The consumer representative is supposed to have relationships with consumer and patient-oriented advocacy groups but is not supposed to have any connections to pharmaceutical companies. Robotti said this rule is often broken indirectly, as many advocacy groups are funded by pharmaceutical companies.
“The FDA manages to ignore that way too often,” she said.
According to Robotti, the advisory meetings typically last one day. She said there are no public guidelines for when the FDA will call on an advisory committee, and about half the drugs they approve are OK’d without input from a committee.
“The assumption is that the FDA will call in an advisory committee when they’re not clear on the risk and safety profile,” Robotti said. “Or maybe they just want a committee vote to rely on.”
She noted that the meetings are open to the public and encouraged journalists to attend them. Here’s how they work:
In the morning at advisory committee meetings, the sponsoring pharmaceutical company presents two clinical trials. Next, the FDA discusses the clinical trials with the committee, explaining what they asked the drug company to do and how they responded. The FDA provides the committee with questions they’d like them to ask of the pharmaceutical company and tells the committee if they want them to vote to approve or disapprove the drug.
Between the morning and afternoon sessions, Robotti said there is public testimony about the drug being reviewed. Committee members are not allowed to ask if the person testifying has any financial ties to the drug company. Robotti said this is “insane.”

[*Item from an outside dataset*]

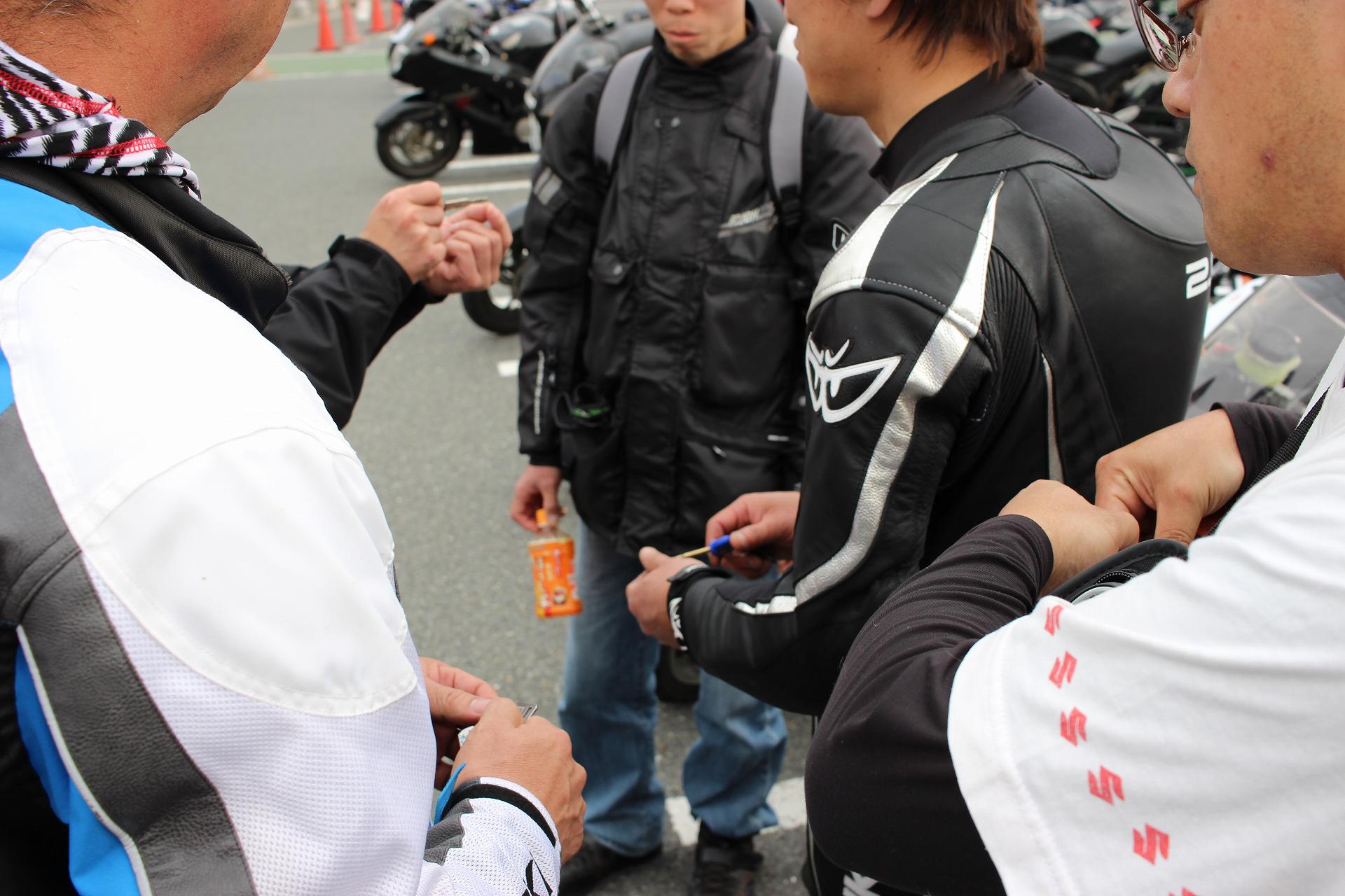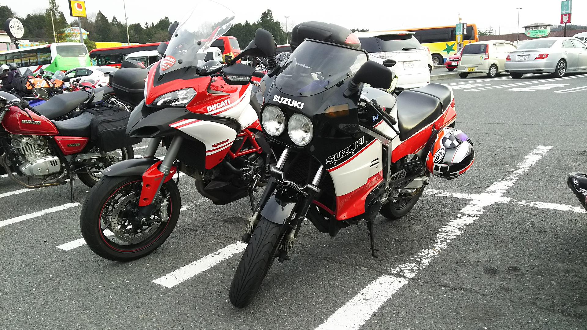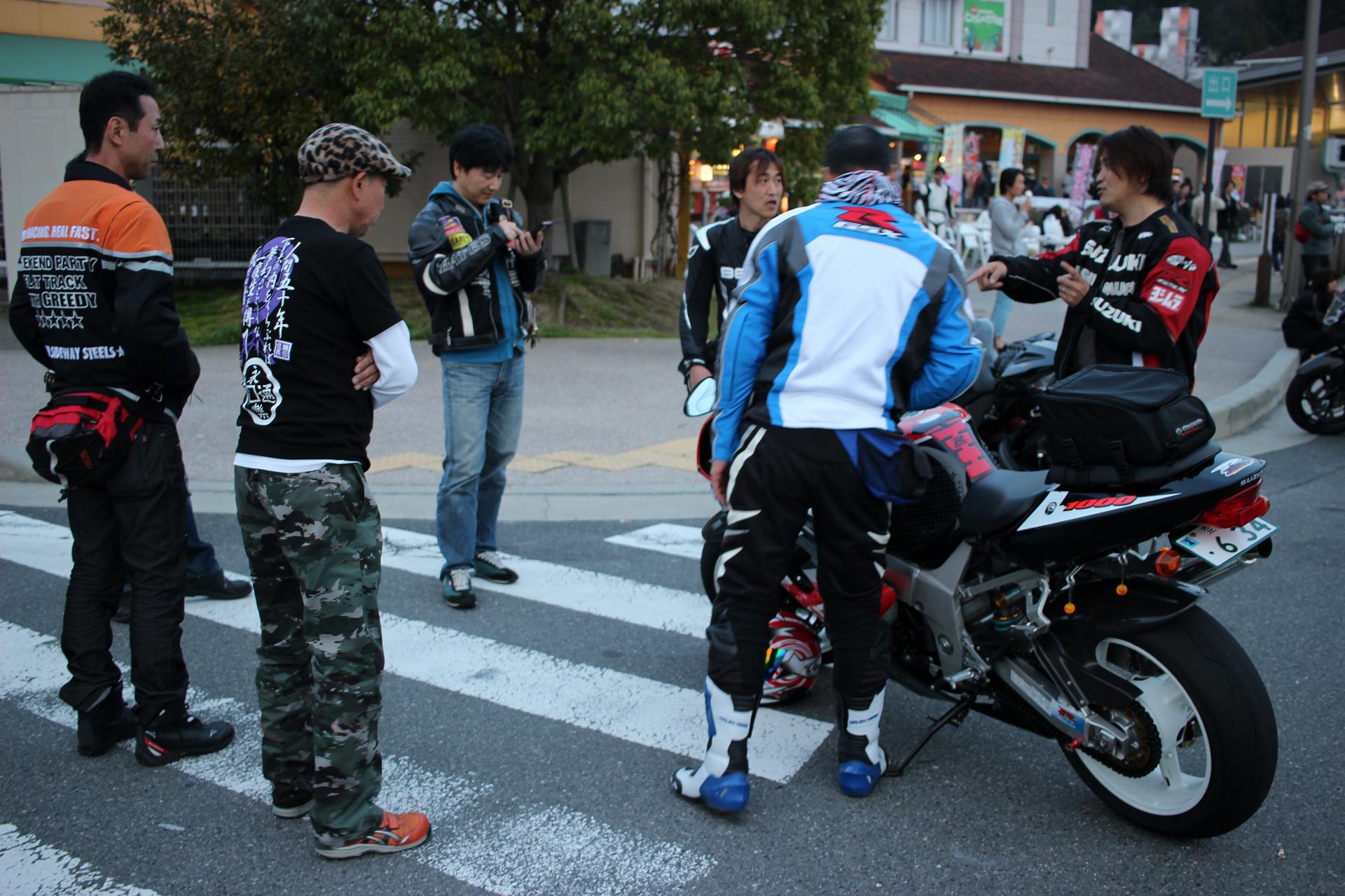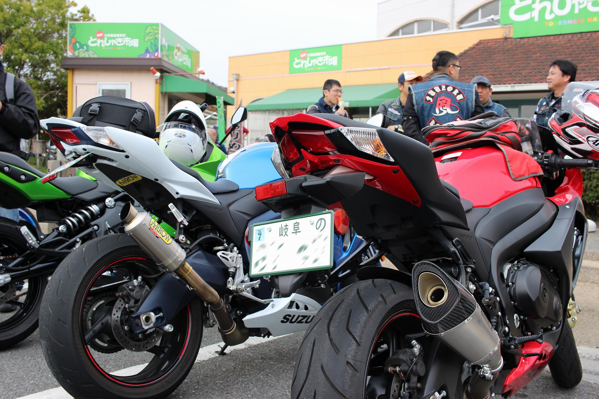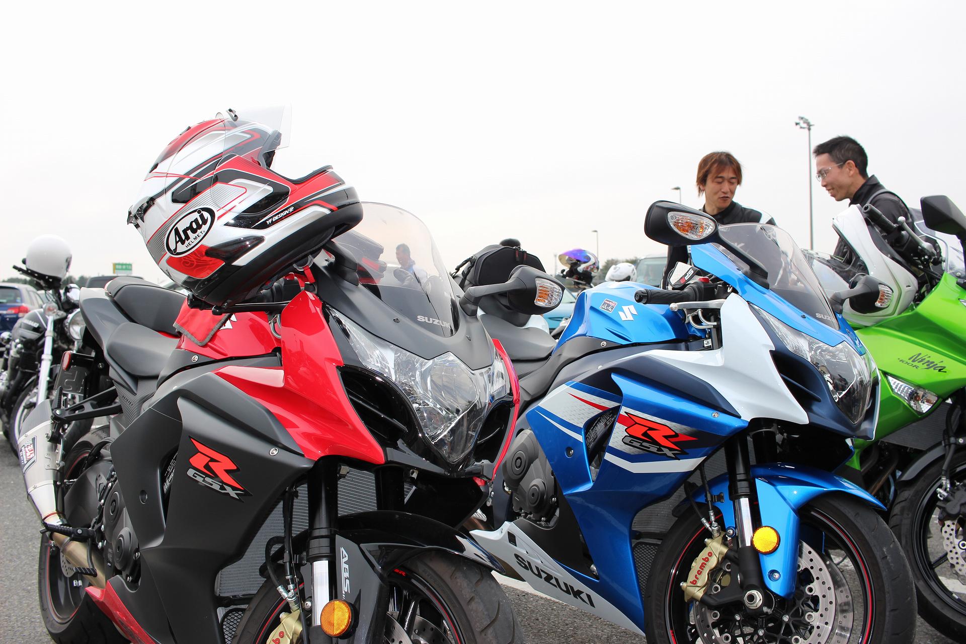 みんなで、話してるときに、WW GSX-Rの後ろで立ちゴケしてる方がいて、ぎりぎりセーフだったり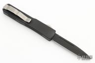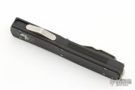 This Ultratech OTF automatic from Microtech features a black drop point blade.  The handle has a black anodized aluminum handle with stainless steel thumb slide and tip down clip. Dated 05/2008 with a serial number of 20036. Includes padded zipper case. Includes the original box and papers.  Excellent Condition.

Robotti said there are other key questions committee members are not allowed to raise during these meetings. They are:
- How much the drug will cost
- If it will be covered by insurance
- If the drug will be available to those who need it
- What the risk is of off-label prescribing
There are 26 advisory committees in total, each comprising about seven to 20 members.
Bek Shackelford-Nwanganga is a health equity reporter for the Kansas News Service, an NPR collaboration. She was a 2024 AHCJ-Kansas-Missouri Health Journalism Fellow. Shackelford-Nwanganga is based in Kansas City.